Be sure at some point to ask them to explain what they mean when they say the word ‘vote’. These answers are usually along the lines of, a right, a civic duty, a protection of liberty, etc. Their answers don’t vary much conceptually no matter what words they use to describe them.
Once they have exhausted their dogmatic ammunition it is time to bury their position once and for all. Here is my take on their arguments:
1. You have some decent ideas. Guess what? I didn’t invent them; most limited government ideas stem from the US Constitution. Hand them a copy of the constitution and ask them to point out all the decent ideas and cross out all the ideas they think are impractical or too inflexible. If they think the Constitution is flawed then why not try to fix it rather than just ignore it?
2. I’m libertarian-leaning myself. This is purely an attempt at manipulation by forging a bond of commonality with you that they do not actually value – unless it works. (Has it EVER worked? I doubt it.) Those who says things like this are not interested in anything you have to say. Save your breath and move on. The only interest they have in you is evangelizing their position to you. I don’t feel compelled to give them that opportunity. If they don’t understand the difference between a limited government conservative like Ron Paul and a libertarian like…who? then any discussion with them would be a complete waste of my time.
3. Your ideas are inflexible and impractical? How can one presume to know how practical my choice is when they don’t understand the consequences my vote will have towards my goals? It is a very common misnomer among elitists that if you have different political goals than they do, you are impractical. Their presumption is that your political goals as an individual do not matter. One Denver talk radio GOP dogmatist has distilled this down to the phrase, “Party trumps person”. They are herd animals who cannot grasp any rationale for acting out of unison with their herd. Be it the GOP, the Dems or any of a number of 3rd parties…they really just like the herd atmosphere. In my experience, any conversation with this kind of person must be undertaken for sheer entertainment purposes…like bouncing a ball against a wall. If you intend to knock down the wall you’re wasting your time but if you enjoy the mindlessly repetitive behavior, have at it.
It’s your time; use it as you see fit.
After they have presented their arguments sufficiently I like to start by talking about what a vote is not. First, a vote is not a right. (please see my article: What Right Do I Have? for an elaboration on why voting is NOT an individual right.) Per our Constitution, States elect presidents. How States choose to implement this responsibility is left to them. There is no such thing in the USA as an individual’s right to vote for a President. This is why the notion of a ‘popular vote‘ as reported by the mass media and public schooling victims is nothing more than pandering to the ignorant. If we ever dissolve the United States and re-constitute our geography as a homogenous entity without the notion of States or a Republic, then, a popular vote could be a relevant option for electing federal officials. Under our current Constitution, the notion of a ‘popular vote’ is an irrelevant fantasy,a distraction meant to rile folks who do not understand it such that they waste their political resources and emotional resources tilting at that windmill rather than participating constructively in the political process.

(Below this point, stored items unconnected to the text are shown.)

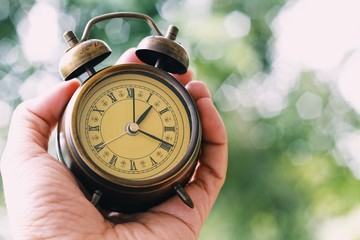 Alarm clock pointing at 1 o'clock with customizable space for ideas or text. Copy space.
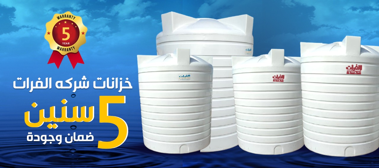 تقدم شركة الفرات ضمان خمس سنوات على خزانات المياة البولى ايثيلين والخزانات الفيبر جلاس وتقدم ضمان ثلاث سنوات على الخزانات الاستانلس ستيل
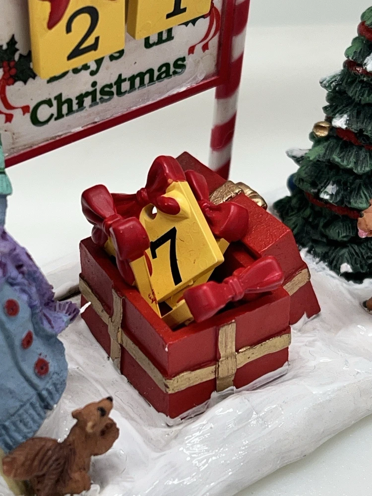 Add a touch of whimsy to your holiday decor with this charming LEMAX “Countdown to Christmas” figurine. Part of the beloved Carole Towne collection, this retired piece is sure to delight with its asymmetrical shape and playful, multicolored design. Perfect for any room, it's a petite polyresin sculpture that captures the spirit of the season with its quaint, timeless appeal. Crafted in 2012, this original figurine is a testament to LEMAX's dedication to quality and detail. It stands as a unique treasure for collectors and enthusiasts alike, ready to be displayed in your holiday village or as a standalone piece. With its matte finish and cozy Christmas scene, it brings a warm, American style to any festive setting.

In such a Progressive fantasy, the people in a dozen or so cities would elect our leaders and the rest of the population would have no voice. Popular elections are nothing more than tyranny by the majority. They are fine on a local community basis but when the voters begin to have influence outside the community where they live, democracy becomes a divisive and oppressive force.
Is your vote a civic duty? Maybe; I’m not going there. If it is a civic duty there isn’t any impetus to cast your vote for (or against, as stupid at that is) any particular candidate. This is a moot point with regard to wasting a vote. The alternative would be an Australian-style system where every person must, by law, participate in elections. There are dozens of nations where voting is compulsory and a handful, including Australia, where it is enforced. No voter who understands the power and value of the free market could ever support that kind of system. Since our Constitution leaves the voting process up to the individual states, this couldn’t be done here without first dissolving our nation’s Constitution and starting from scratch.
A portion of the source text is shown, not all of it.